Выбора у Ставра не было, ни при каких обстоятельствах он не имел права заявить о своем российском гражданстве, тем более о принадлежности к спецподразделению внешней разведки КГБ. Выбираться предстояло самостоятельно, поэтому он сказал, что не имеет ничего против отправки в лагерь. Он был уверен, что нет такого места, откуда нельзя бежать. Очевидно, полковник понял ход его мысли.
— Желаю удачи, — усмехнулся он на прощание. Перелет оказался долгим. Уже на закате вертолет
приземлился на каменистой площадке на дне обширного каньона, который представлял собой глубокую трещину в гранитном основании безжизненного, как необитаемая планета, плато. Ставр увидел несколько плоских железобетонных строений, обнесенных ржавой сеткой и колючей проволокой. Ни вышек, ни пулеметных гнезд, ни сторожевых собак не было.

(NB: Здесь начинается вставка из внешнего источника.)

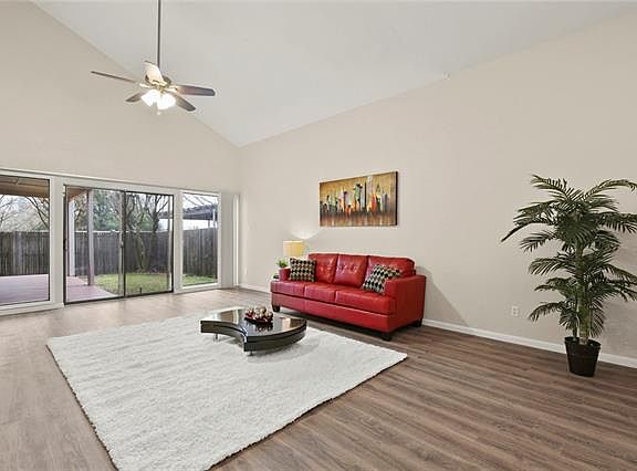Modern design and stylish interiors in this move-in ready 4 bedroom, 3 bath home. Some of the many updates include a stunning kitchen with recently installed cabinets, granite counters and ss appliances. The gorgeous living area offers 18 ft vaulted ceilings, stacked stone fireplace and wall of sliding doors leading to the outdoors. Two good sized bedrooms down with sliding doors and updated bath with granite counters. Gorgeous, water resistant wood look laminate floors flow throughout the living, dining and kitchen. Upstairs features a spacious master retreat with dual granite counters, two walk-in closets and vanity with a private patio. Excellent location within close proximity to Downtown and TCU.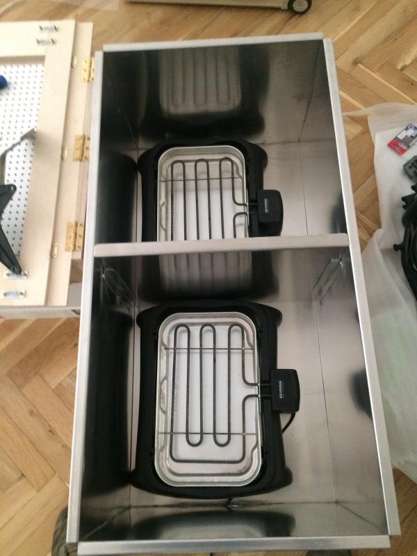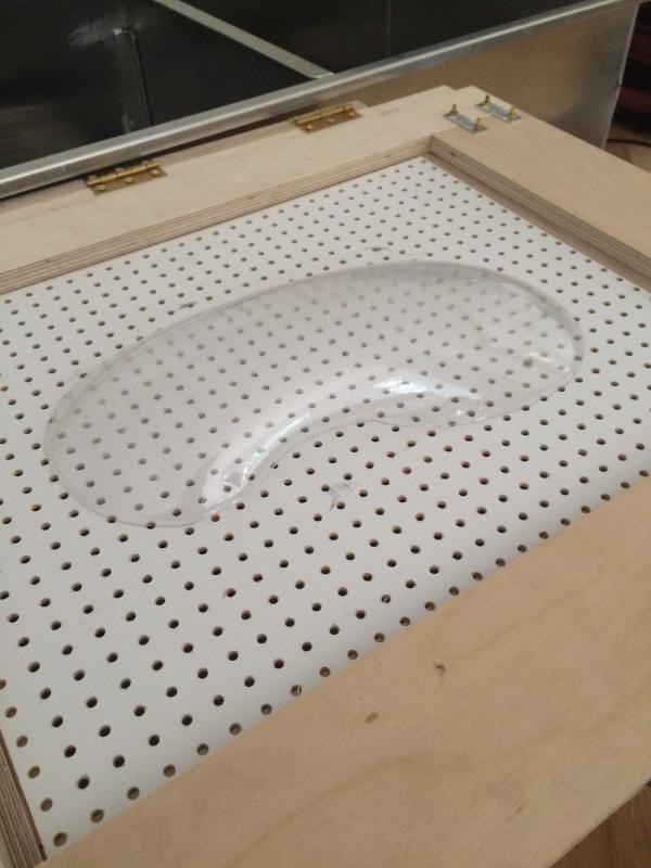 Jetzt ging es darum eine Vorrichtung zu bauen um Positivformen aus Vivak tief zu ziehen. Vivak ist von Beyer. Es sind Kunststoffplatten, durchsichtig und in verschiedenen Stärken. Wenn man das Vivak erhitzt wird es weich und legt sich unter Vacuum um Gegenstände. Also erst einmal eine Holzkiste bauen, die aussieht wie eine Schublade. Das ganze von innen mit Silikon abdichten. An einer Seite ein Loch bohren um den Staubsauger anschließen zu können. Dieser soll dann das Vacuum erzeugen.

— Капитан Хиттнер. Я начальник этого чертового заведения, — представился Ставру низкорослый, сильно нетрезвый человек в кителе американской военной полиции.
Весь его облик, а особенно физиономия с блекло-голубыми глазками откровенно заявляли о полном отсутствии порядочности и привычках мелкого злодейства. Это был тип, совершенно противоположный «офицеру и джентльмену» — командиру базы, с которым Ставр имел дело утром. Ставр решил, что пора наконец четко выяснить свой статус.